Wan Tianqing, Shao Bangjie, Ma Sijie, Zhou Yue, Li Qiao, Chai Yang
Department of Applied Physics, The Hong Kong Polytechnic University, Hong Kong, China.
Shenzhen Research Institute, The Hong Kong Polytechnic University, Shenzhen, China.
Adv Mater. 2023 Sep;35(37):e2203830. doi: 10.1002/adma.202203830. Epub 2022 Jul 9.

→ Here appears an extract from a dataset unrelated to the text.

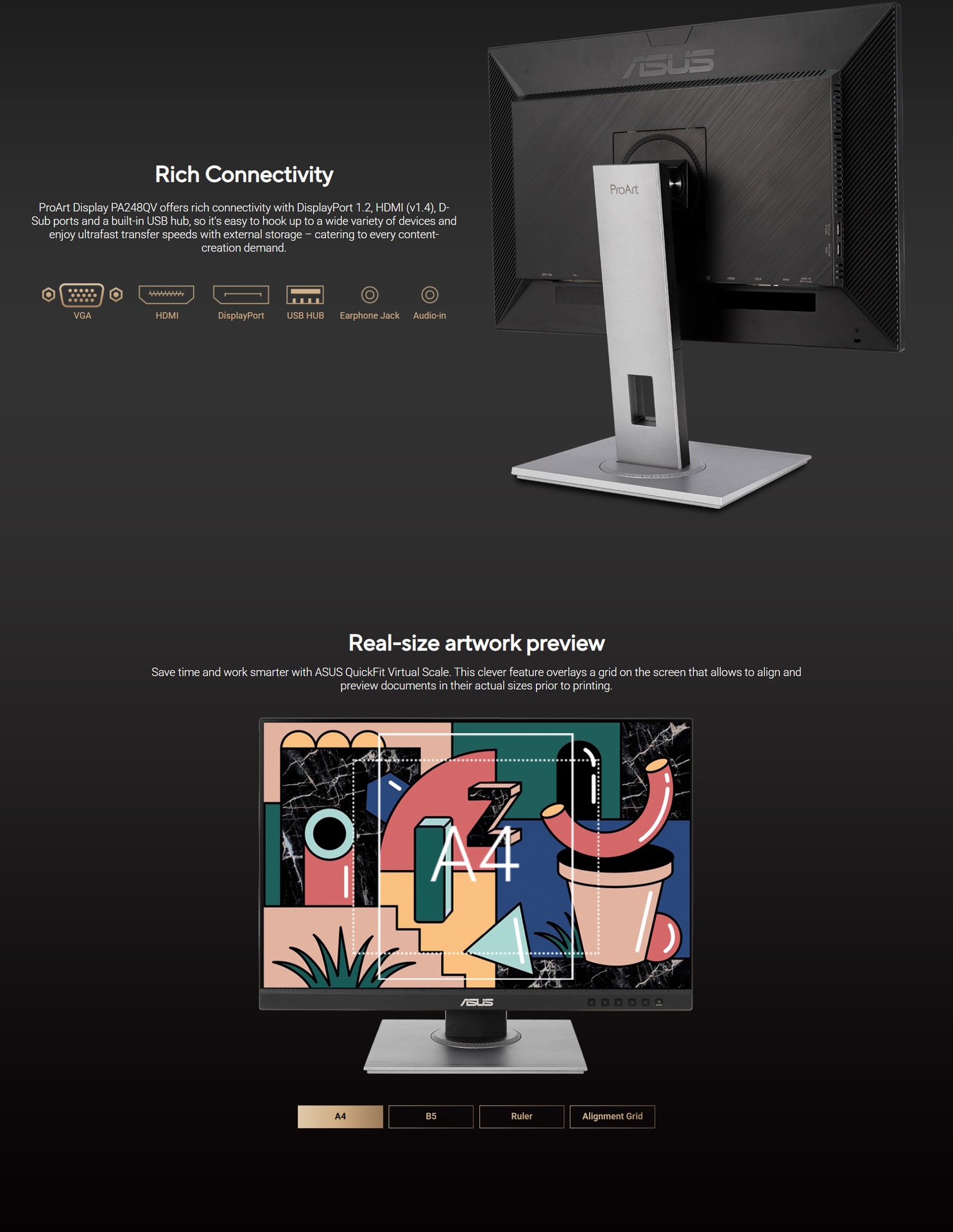 The ASUS ProArt Display PA248QV offers a 24.1-inch IPS panel with a WUXGA (1920 x 1200) resolution. By providing a 16:10 aspect ratio, this monitor offers more vertical screen real estate, which is invaluable for creative professionals who need to see more of their toolbars, document pages, or photo-editing interfaces without constant scrolling.

The number of sensor nodes in the Internet of Things is growing rapidly, leading to a large volume of data generated at sensory terminals. Frequent data transfer between the sensors and computing units causes severe limitations on the system performance in terms of energy efficiency, speed, and security. To efficiently process a substantial amount of sensory data, a novel computation paradigm that can integrate computing functions into sensor networks should be developed. The in-sensor computing paradigm reduces data transfer and also decreases the high computing complexity by processing data locally. Here, the hardware implementation of the in-sensor computing paradigm at the device and array levels is discussed. The physical mechanisms that lead to unique sensory response characteristics and their corresponding computing functions are illustrated. In particular, bioinspired device characteristics enable the implementation of the functionalities of neuromorphic computation. The integration technology is also discussed and the perspective on the future development of in-sensor computing is provided.
物联网中传感器节点的数量正在迅速增长,导致传感终端产生大量数据。传感器与计算单元之间频繁的数据传输在能源效率、速度和安全性方面对系统性能造成了严重限制。为了高效处理大量传感数据,应开发一种能够将计算功能集成到传感器网络中的新型计算范式。传感器内计算范式减少了数据传输,还通过在本地处理数据降低了高计算复杂度。在此,讨论了传感器内计算范式在器件和阵列层面的硬件实现。阐述了导致独特传感响应特性及其相应计算功能的物理机制。特别地,受生物启发的器件特性使得神经形态计算功能得以实现。还讨论了集成技术,并对传感器内计算的未来发展提供了展望。